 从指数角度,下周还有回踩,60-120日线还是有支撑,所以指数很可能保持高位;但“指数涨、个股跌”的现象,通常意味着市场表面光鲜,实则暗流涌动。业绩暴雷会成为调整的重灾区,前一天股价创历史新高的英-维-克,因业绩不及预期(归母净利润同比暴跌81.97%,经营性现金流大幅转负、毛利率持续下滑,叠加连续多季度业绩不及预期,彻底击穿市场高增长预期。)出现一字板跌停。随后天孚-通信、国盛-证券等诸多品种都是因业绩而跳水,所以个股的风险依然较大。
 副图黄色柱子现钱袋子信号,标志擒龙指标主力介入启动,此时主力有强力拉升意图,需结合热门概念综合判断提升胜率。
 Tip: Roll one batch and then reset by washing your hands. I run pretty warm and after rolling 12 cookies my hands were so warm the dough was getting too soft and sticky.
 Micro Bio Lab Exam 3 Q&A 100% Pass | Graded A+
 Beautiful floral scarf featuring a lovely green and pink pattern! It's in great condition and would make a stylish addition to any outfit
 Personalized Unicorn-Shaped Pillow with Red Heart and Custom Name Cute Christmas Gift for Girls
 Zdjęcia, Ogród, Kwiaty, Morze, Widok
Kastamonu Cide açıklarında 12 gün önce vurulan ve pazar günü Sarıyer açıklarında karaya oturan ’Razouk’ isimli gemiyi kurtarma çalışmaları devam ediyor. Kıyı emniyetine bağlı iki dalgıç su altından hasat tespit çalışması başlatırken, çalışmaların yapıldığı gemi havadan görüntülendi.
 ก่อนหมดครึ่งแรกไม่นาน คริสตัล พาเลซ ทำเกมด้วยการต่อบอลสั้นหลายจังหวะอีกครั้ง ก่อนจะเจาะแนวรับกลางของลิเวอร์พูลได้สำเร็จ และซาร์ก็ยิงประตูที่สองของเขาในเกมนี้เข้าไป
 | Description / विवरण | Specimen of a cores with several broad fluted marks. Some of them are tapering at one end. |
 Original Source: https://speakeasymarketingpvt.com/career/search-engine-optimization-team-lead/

________________________________________

* **Directions**: Could you copy out all the material word for word?

* **Solution to this task**:
 从指数角度,下周还有回踩,60-120日线还是有支撑,所以指数很可能保持高位;但“指数涨、个股跌”的现象,通常意味着市场表面光鲜,实则暗流涌动。业绩暴雷会成为调整的重灾区,前一天股价创历史新高的英-维-克,因业绩不及预期(归母净利润同比暴跌81.97%,经营性现金流大幅转负、毛利率持续下滑,叠加连续多季度业绩不及预期,彻底击穿市场高增长预期。)出现一字板跌停。随后天孚-通信、国盛-证券等诸多品种都是因业绩而跳水,所以个股的风险依然较大。
 副图黄色柱子现钱袋子信号,标志擒龙指标主力介入启动,此时主力有强力拉升意图,需结合热门概念综合判断提升胜率。
 Tip: Roll one batch and then reset by washing your hands. I run pretty warm and after rolling 12 cookies my hands were so warm the dough was getting too soft and sticky.
 Micro Bio Lab Exam 3 Q&A 100% Pass | Graded A+
 Beautiful floral scarf featuring a lovely green and pink pattern! It's in great condition and would make a stylish addition to any outfit
 Personalized Unicorn-Shaped Pillow with Red Heart and Custom Name Cute Christmas Gift for Girls
 Zdjęcia, Ogród, Kwiaty, Morze, Widok
Kastamonu Cide açıklarında 12 gün önce vurulan ve pazar günü Sarıyer açıklarında karaya oturan ’Razouk’ isimli gemiyi kurtarma çalışmaları devam ediyor. Kıyı emniyetine bağlı iki dalgıç su altından hasat tespit çalışması başlatırken, çalışmaların yapıldığı gemi havadan görüntülendi.
 ก่อนหมดครึ่งแรกไม่นาน คริสตัล พาเลซ ทำเกมด้วยการต่อบอลสั้นหลายจังหวะอีกครั้ง ก่อนจะเจาะแนวรับกลางของลิเวอร์พูลได้สำเร็จ และซาร์ก็ยิงประตูที่สองของเขาในเกมนี้เข้าไป
 | Description / विवरण | Specimen of a cores with several broad fluted marks. Some of them are tapering at one end. |
 Original Source: https://speakeasymarketingpvt.com/career/search-engine-optimization-team-lead/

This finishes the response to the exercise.